Collage by Lani, textures by FlyPaper Textures.
This week I was over in my friend Patti's Altered Attic, and I learned about National Invisible Chronic Illness Awareness Week. Patti likens the experience of developing one of these chronic illnesses with being thrown from the merry-go-round of "human doing" where life is glittery, fast moving, and we forever chase the brass ring which is always just out of reach. And once you are sitting on the ground you are more or less forced to become a human being, since all the glittery doing becomes nearly impossible. Patti got me thinking about my own experiences with "reality". The Buddha pointed out a very long time ago, that reality comes to all of us in the form of illness, old age, and death. There's no one on this planet that hasn't known these three either personally or of a loved one.
Aside from the medical industry's very bad behavior, a very difficult part of all of this is that our culture places such value on doing and almost no value on being. So while we are on the carousel we are given approval and positive reinforcement for the rather empty experience of chasing the brass ring. The brass ring is something you can't ever reach. You can try, you can get a better job, higher salary, but it will never be enough. I remember this old merry-go-round very well. I didn't much care for it, truth be told.

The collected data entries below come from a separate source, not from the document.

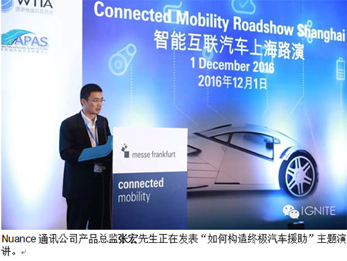 2016年12月1日,由法蘭克福展覽(上海)有限公司旗下會議部門——Ignite奕格主辦的智能互聯汽車上海路演(Connected Mobility Roadshow Shanghai)在國家會展中心洲際酒店成功舉辦并圓滿落下帷幕。
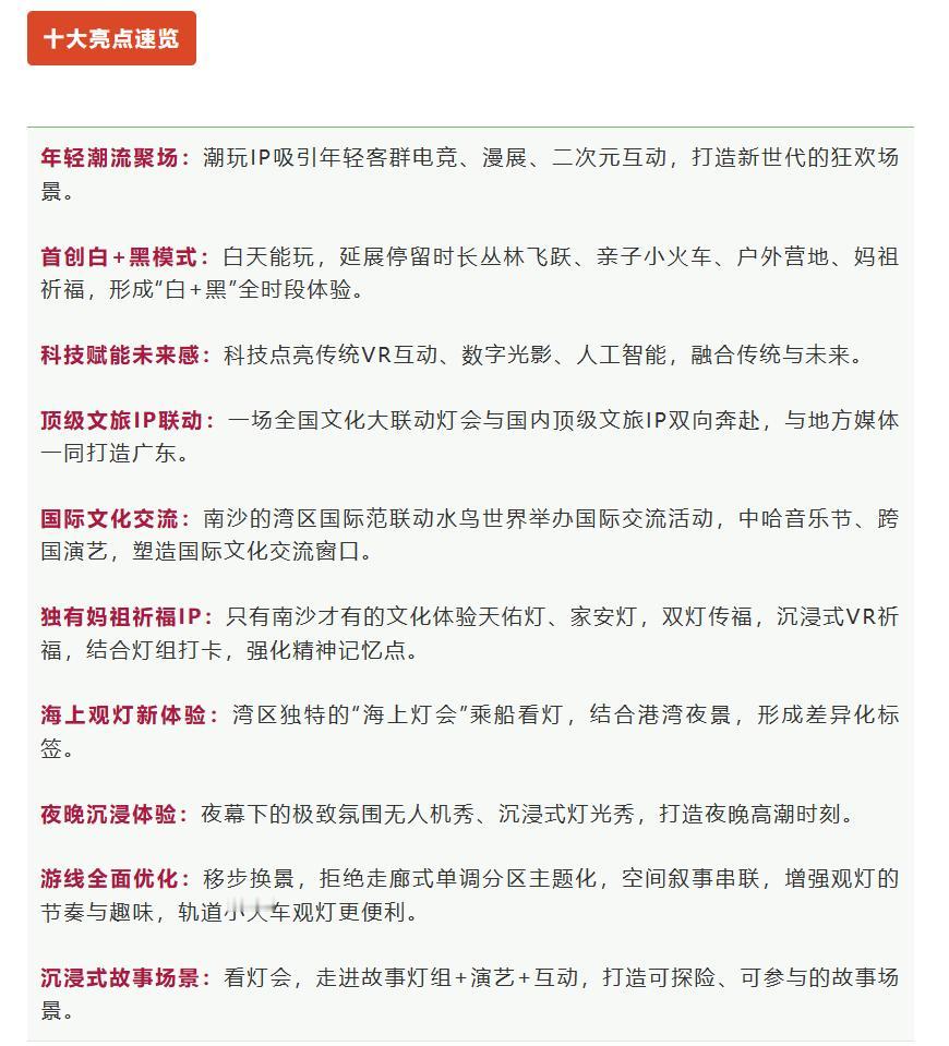 【南沙2026年灯会时间和地点定了!】期待的2026年南沙第二届粤港澳大湾区灯会终于定了!灯会将于2026年2月10日—5月10日在南沙天后宫景区以及滨海公园举行,展期共90天。 本届灯会以“科技赋能文化传承,创新驱动品牌发展”为核心理念,植入更多科技、光影元素,与外部热点IP联动,并联动地方媒体一同打造广东灯会春晚。 目前,新一年的灯会招商工作已全面启动。官方表示2026年粤港澳大湾区灯会计划整合近百家媒体资源,通过全域渠道精准触达湾区及全国游客。活动预计将实现超50亿人次的品牌曝光,将为广大合作商家提供绝佳的品牌宣传和展销机会。 我估计大家关心的是灯会还是在滨海公园举行吧,考虑到灯饰要提前安装,建议大家在剩下的12月想去滨海公园和天后宫小沙滩的就快点去吧,不然下次又得等大半年了。
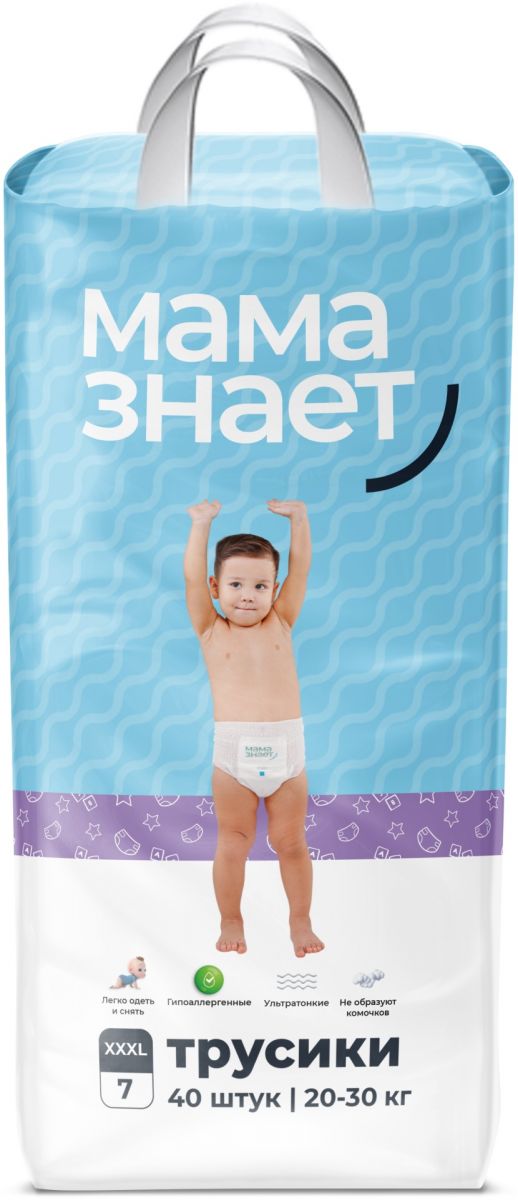 Читать все статьиТрусики Мама знает 7-XXXL 20-30кг (40шт)

When I was in my thirty's, my husband developed a fatal illness. I felt as if I'd been thrown from the horse but was still on the carousel. I looked around at all of the striving and I didn't have the heart for it anymore. So I decided to step off and sit in the side lines, and consider where I had been and where I actually was. It seemed to me as I looked around, there was a lot more real life going on in the sidelines, very interesting, real life. And it's in these sidelines that the greatest art and creativity are happening. And like Patti commented there's a tremendous amount of community, friendship, and wonderful humanity here in the sidelines, where the pace is slow enough that you can feel it and enjoy it. For me, the experience of real life, was a heart opening experience. I suddenly had the time for others, I found that without the cloak of denial, you can actually join the human race. It may be heart breaking at times, but it is also a place where we can truly love and learn.
This week on the "Love Bomb: It Starts With Us" website, they (we) picked a girl struggling with Lyme disease, who wrote about her experiences with this invisible chronic illness. The idea was to go visit her blog and leave a "love bomb," a comment that let her know that she was loved. Very sweet idea! So far I see 160 comments of a love bomb type. So if you want to leave Victoria or my friend Patti a comment to let them know they are not alone, that they are human beings deserving of as much love and respect as anyone riding the merry-go-round, and probably more, then please do. It's easy and it makes all the difference in a person's life! Really!